What “Freedom of Speech” Means to Me

Those of you who know me know that I’m not reactionary by nature. I may have a fiery temper, but I’ve learned to keep it pretty much in check. Lots of things about the world we live in annoy the proverbial f*ck out of me, but I generally let it boil just under the surface and then mouth off about it to anyone who will listen.

This is the reason that this piece comes almost two weeks after the Terror Attacks on the offices of Charlie Hebdo in Paris which so shocked the Western World. This piece is, I hope, a measured response. A Personal response. My response.

And it’s not about religion—although it so easily could be. Believe me, I have no beef with most “religious people”, if their faith sustains them through daily life then all power to them. But I do have a serious problem with “Organised Religion”, which to me is a completely different thing. As I said to my son shortly after the attacks, Organised Religion is nothing more than an instrument of Control.

But that’s a post for a different day.

Today, I want to talk about the thing that we the West perceived the Charlie Hebdo shootings as being an attack upon—our Freedom of Speech.

I suppose that Freedom of Speech (or Freedom of Expression) is most associated in most people’s minds with the United States. It’s not that they came up with the concept, but they do tend to shout the loudest about it. It’s the First Amendment of US Constitution after all. Although, it’s worth pointing out that the most notable absence from the great “Freedom of Speech March” in Paris was one Barrack Obama.

Article 19 of the United Nations Declaration of Human Rights says that,

Everyone has the right to freedom of opinion and expression; this right includes freedom to hold opinions without interference and to seek, receive and impart information and ideas through any media and regardless of frontiers

Here in the UK we have a “Negative Right” to freedom of Expression under Common Law—that is, the right not to have our expression curtailed by the Government. This right was incorporated in the 1998 Human Rights Act under article 10 of the European Convention on Human Rights.


In the UK, Freedom of Expression is not absolute. There are exceptions for threatening, abusive or insulting words or behaviour. Exceptions for harassment or the cause of alarm, distress or a breach of the peace. Indecent or grossly offensive material which it likely to cause distress or anxiety is banned. And there are strict laws on incitement, be it incitement to racial or religious hatred or incitement to terrorism.

So, those who say “I have the right to say what I want, when I want” actually mean, “I have the right to say what I want when I want as long as [insert all the exceptions above here]”

Which to be honest is absolutely fine with me.

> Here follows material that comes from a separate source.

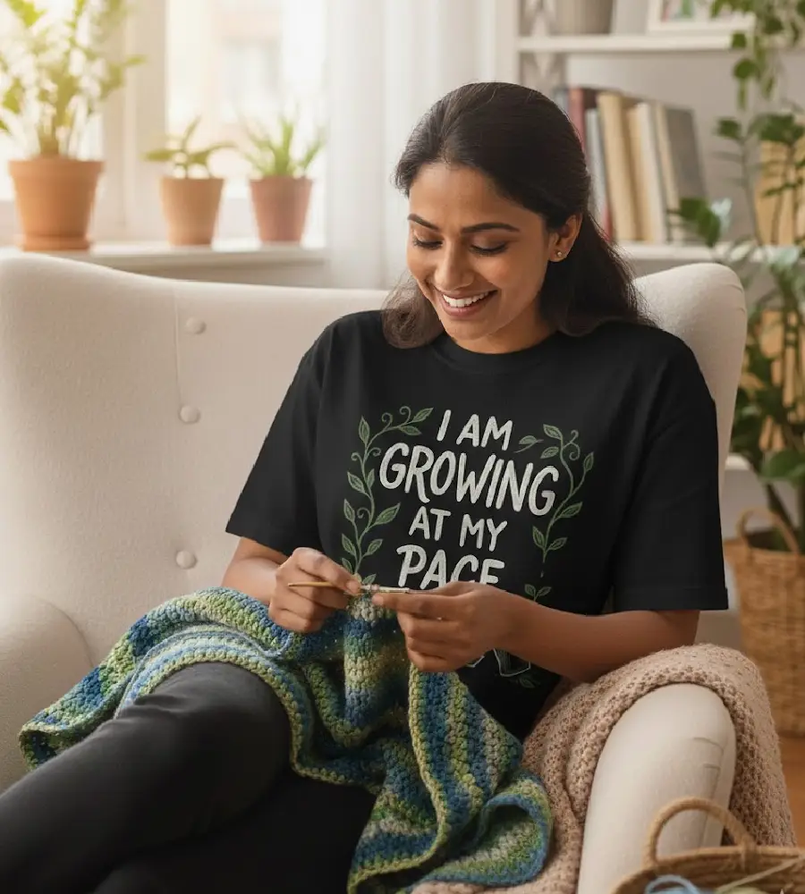 Growth isn’t a race. A wholesome, gardening-inspired graphic that reminds you to nurture your own progress without comparing it to others.

I don’t particularly want to do any of those things. I don’t want to threaten, abuse or insult. I don’t want to harass or cause alarm, distress or anxiety. And I certainly don’t want to incite anyone to do anything.

But I do want to express myself. That’s why I write. And I know full well that some of the things I write are going to upset people for whatever reason. It may cause offence.

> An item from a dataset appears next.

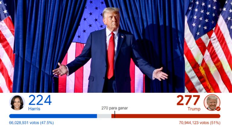 La agencia Associated Press (AP) expuso que Donald Trump consiguió 277 votos, que ya son más de los 270 necesarios para obtener la victoria. Su principal rival, Kamala Harris cuenta actualmente con 224 votos.

But here’s where things get tricky. I want to be able to write what I want to write, subject to the exceptions in law stated above, but the reader who’s going to be offended by it wants the right to not be offended.

And those two “rights” are incompatible.

But here’s the kicker. The “right” to not be offended, isn’t in fact a right at all.

What you’re actually saying when you’re offended is that whatever you read/saw/heard hurt your feelings. And because, by their nature, feelings are subjective, they change from person to person, it is impossible to account for them in a legal system that is objective in nature.

The second you start taking account of people’s feelings the law become subjective. How is one person, say a member of a jury, supposed to know how another person¸ say an alleged victim, felt on the day of the alleged crime—or any other day for that matter. And if they can’t know for certain how someone felt how can they account for it when passing judgement on someone who’s liberty is at stake. You can’t. And nor should you. The law deals in FACTS, not feelings.

This is where the saying “offence is taken, not given” comes from. I could say, what is to me, the most innocuous thing imaginable and say it with no intent to cause harm or offence to anyone. But someone, somewhere might be upset or offended by it. So does that mean I shouldn’t say it?

Of course not. That would be ludicrous. It would mean nobody ever said anything for fear of causing offence. Nothing would ever be written. There would be no art. No culture of any kind.

So after a rather rambling piece, here’s my message to those who find anything that I write upsetting or offensive.


Don’t read it, because that is your right. No-one forces you to read/listen to/watch anything. You choose to. And you can also choose not to.

It’s quite simple. Point your browser at another website. Load another book into your Kindle. Unfriend me on Facebook. Unfollow me on twitter.

Your sense of being offended is your problem, not mine. So you deal with it.